Still frozen in place, unable to even crane her head upwards to scan her surroundings, it is the robotic announcement ringing through the room that tells her just why she's been brought here.

“Subject failure. Commencing scrapping.”

The warning sirens wail their mournful cry, there is a metallic click, and something rips right through her very core and tears out what should be inside of her, except that she's staring at her own sparking circuits and her own components strewn across the spotless floor, can no longer even think through the gut-wrenching agony that assaults her senses and sets off countless internal alarms. The impact throws her back against the wall like a rag doll, dislodges something inside her and suddenly she's blind, dangling above a yawning abyss so deep that it threatens to swallow her whole -

And then finally, finally, she falls.



Pain. It is the first thing that assaults her senses, the first thing that jumpstarts her system like a jolt of electricity into her circuits. Dizzy, disoriented, Ashe reaches out blindly for something, anything she can grasp, her claws close around something cool and solid. Her world is a maelstrom of swirling colours, of strange twisting shapes and shadows, but eventually they coalesce into a familiar face hovering just above her.
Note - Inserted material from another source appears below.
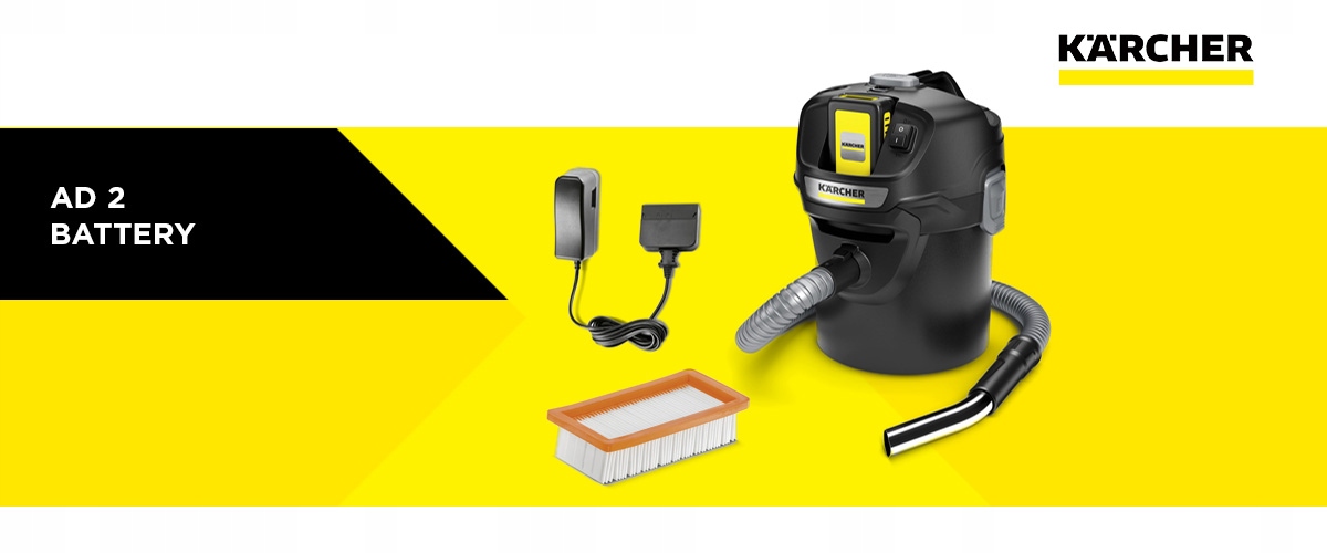 Призначений для швидкого очищення камінів, печей і грилів. Під час прибирання пристрій не утворює пилу. Наш камінний пилосос AD 2 працює від акумулятора. Має змінний акумулятор Kärcher на 18 В і зарядний пристрій.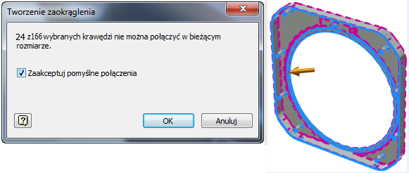 W poprzednich wersjach programu, jeśli utworzenie jednej krawędzi w zbiorze wskazań zaokrąglenia się nie powiodło, całe zaokrąglenie kończyło się niepowodzeniem. W tej wersji wszystkie błędy połączenia powodują otwarcie okna dialogowego z opcją zaokrąglenia pomyślnie utworzonych krawędzi.

“Hey, you. You're finally awake.”

Trying to sit up earns her a disapproving snort, she can hardly move an inch. Tryndamere peers at her closely, before nodding to himself and reaching down to reattach something just out of her sight - from the shape of the claw, it’s her leg. It takes what feels like eternity to get her jaw to work, struggling to form words, questions, but the moment she manages a gurgling croak she is silenced by Tryndamere.

“I’m trying to repair you. The scrapping machine made a wreck out of you, but I’ve managed to salvage most of your parts. Just stay still.”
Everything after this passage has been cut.